After some quick experiment, I find some quite burning discrepencies in the UnicodeMath. The following discrepencies will directly affect parser design and behavior. I will document them within this issue and the docs.
Current Plan
There are two areas of UnicodeMath input support currently under consideration: user input, or a string input. The plan is to support both by treating string input as a stream of user character inputs (with the cursor fixed on end). (This behavior is not guaranteed by the spec itself, but it seems good.)
The UnicodeMath spec itself proposed a reference parsing algorithm in Appendix A. However there are some conflicts in the UnicodeMath spec.
Conflicts and Decision
Spec-wise, this reference algorithm deviates from the spec:
- Handling of the unary operators (Align with reference)
- '+^2', 'a^-2' as subsup? (Spec says no. Reference says yes.)
Also, MS Word's implementation deviates from the reference:
- Handling of the unary operators (remains to be decided)
- '1/+2', '+1/2' as fraction? (Reference disallows both. MS Word permits the first one.)

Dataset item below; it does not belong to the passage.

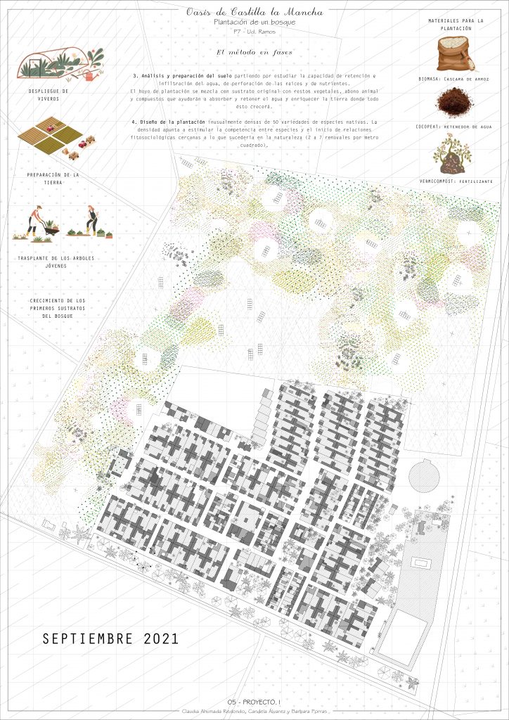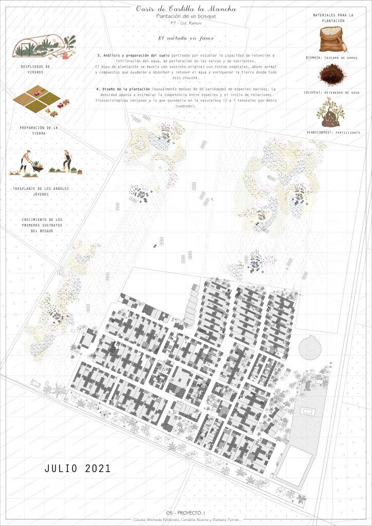 El proyecto de reforestación es el lienzo sobre el que surgen nuestras comunidades. Un oasis en medio del campo amarillo de Castilla La Mancha, que sirve de refugio para neorrurales, temporeros y migrantes. Un oasis de migración y convivencia.
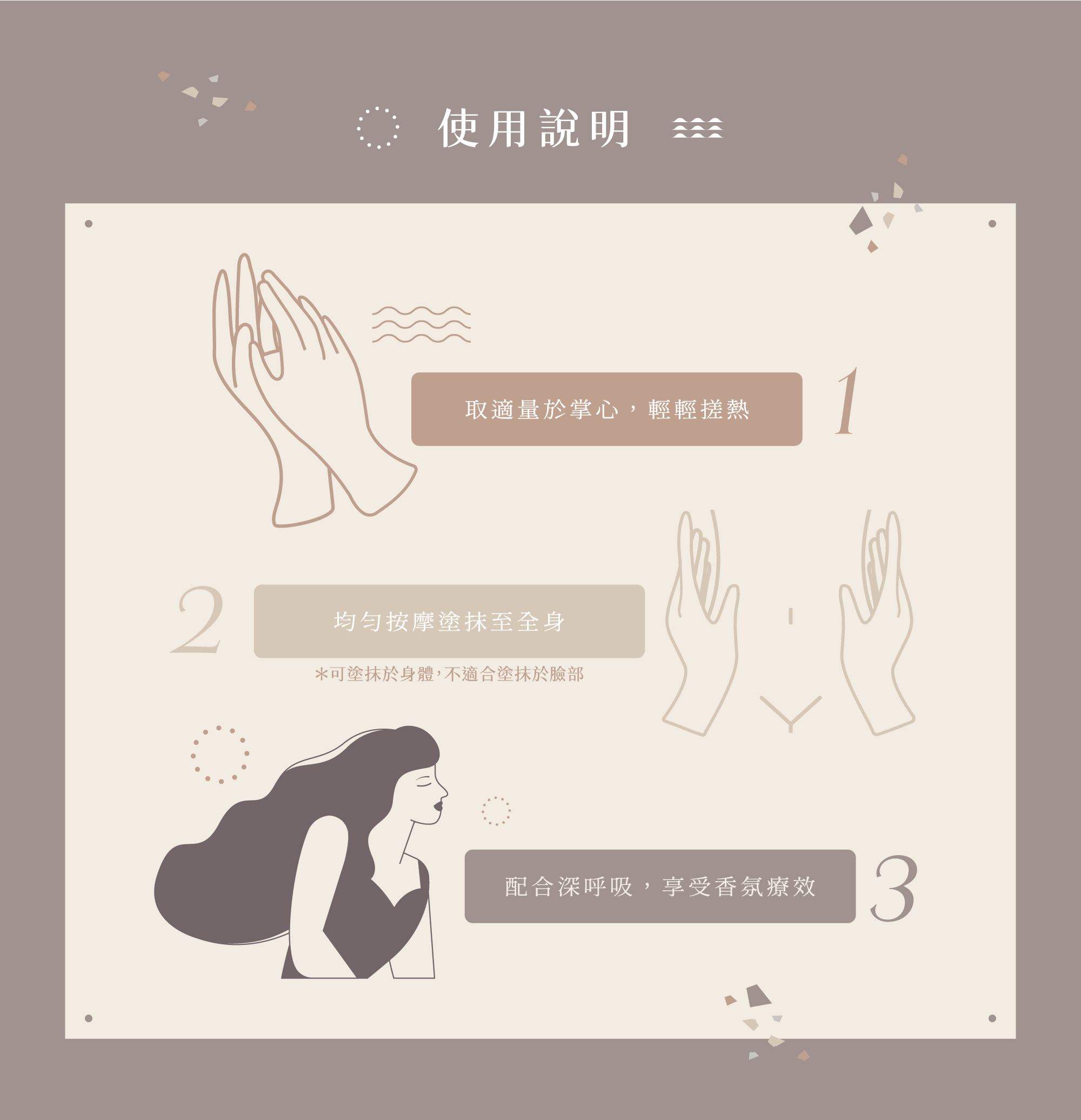 ●使用方法:可塗抹於身體,不適合塗抹於臉部

- Differentiation between the unary plus and unary minus (remains to be decided)
- 'a^-1' vs 'a^+1' as subsup? (Reference only allows the first. MS Word allows both.)
- Differentiation between / and other operators in handling unary operators (remains to be decided)
- '1/+2' as fraction, 'a\of+b' as function, and '\sqrt+2' as sqrt? (Reference says no no no. MS Word permits the first.)
Reference algorithm proposed by spec
- char ← Unicode character
- space ← ASCII space (U+0020)
- αASCII ← ASCII A-Z a-z
- nASCII ← ASCII 0-9
- αnMath ← Unicode math alphanumeric (U+1D400 – U+1D7FF with some Letterlike symbols U+2102 – U+2134)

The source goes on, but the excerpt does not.